In foreign affairs, the world’s most powerful free nation has lost a great deal of the respect which it once commanded. Worse still, we seem to have lost a large portion of our self-respect. In cultural matters our society has lost its central unity, its common bond of values and beliefs, rendering a self-confident, vital people insecure, ineffective, and divided.

Yet the pessimist predicting our downfall would be wrong. The real strength of America lies dormant and can be revived. Our economy, our political life, our leadership of the free world and our confidence in this nation and its institutions will rise again in the hands of genuine leadership.

Future historians will mark the turning point in 1980, with the election of Ronald Reagan as President of the United States.

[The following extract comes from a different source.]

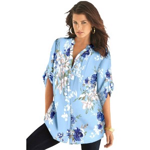 Roaman's Plus Size Floral Y-Neck Pintuck Tunic – Adjustable Long Sleeve Button-Front, Relaxed Shirt Style - 1 of 4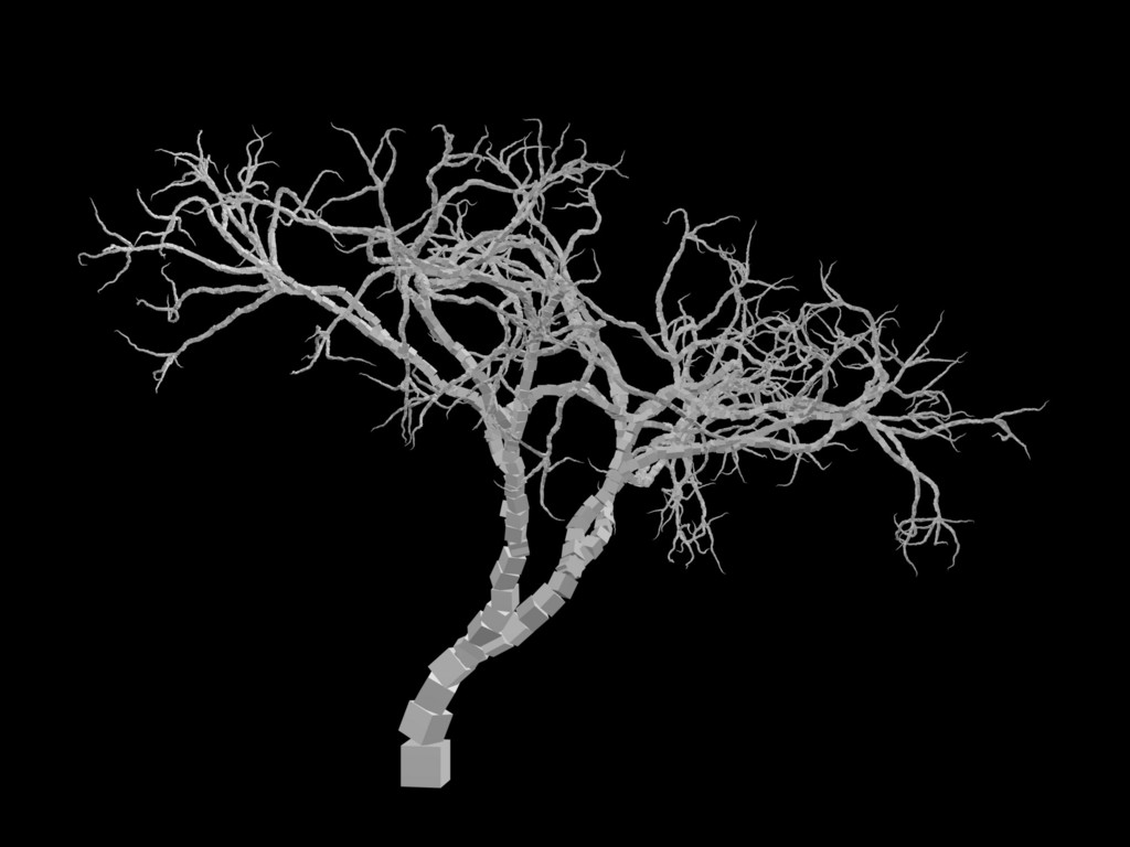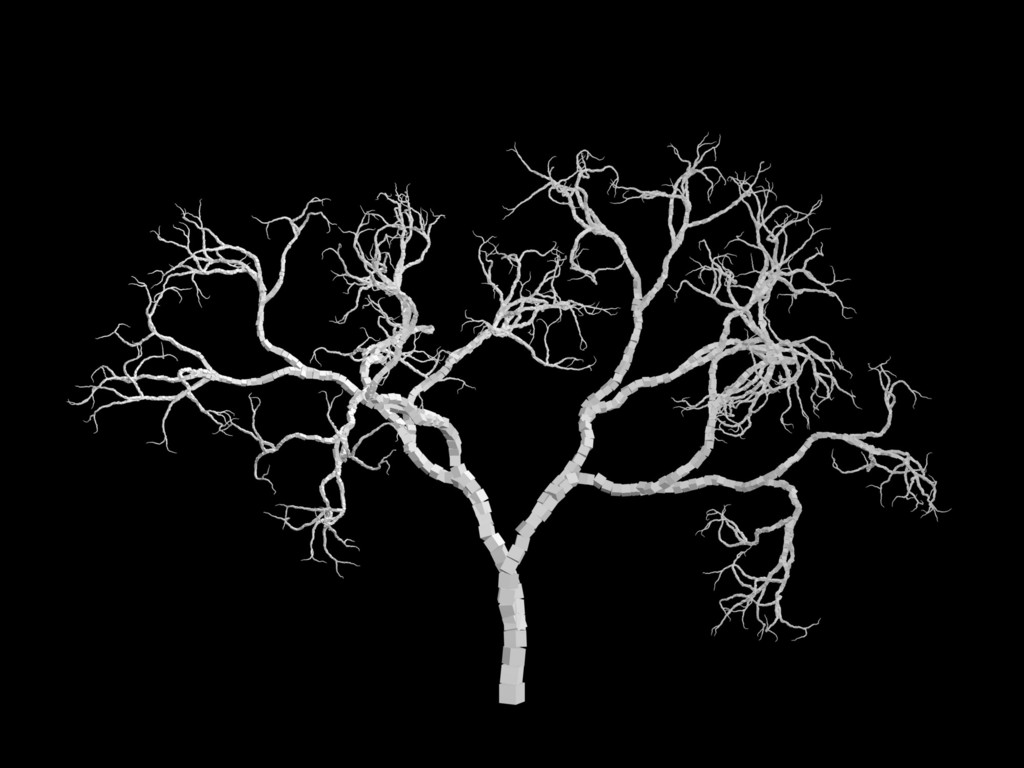 Ces arbres sont des photos d’entités virtuelles. Issues d’algorithmes mathématiques, ces géométries sont constituées uniquement de cubes.

It was then that the American people served notice that change had to come, that America had a future as well as a past. The real secret of the renewed American Revolution which has now begun lies in one concept—leadership. Ronald Reagan epitomizes that leadership, but we must realize that he cannot do the job alone.

The new American Revolution will be successful if enough of us, each in our own walk of life, each with our own centers of influence, rise to the occasion and bear witness to America’s greatness, to the prosperity, dignity, and strength of a free people, united in the common values of our heritage and the Judeo-Christian beliefs on which that heritage is based.

Such leadership is the goal of Hillsdale College and the Shavano Institute. We believe in America and in the dignity and worth of the individual American. We believe in America’s future. We believe that proper leadership can build such a future.

Ambassador Kirkpatrick, please accept our thanks, our respect, and Hillsdale’s Freedom Leadership Award.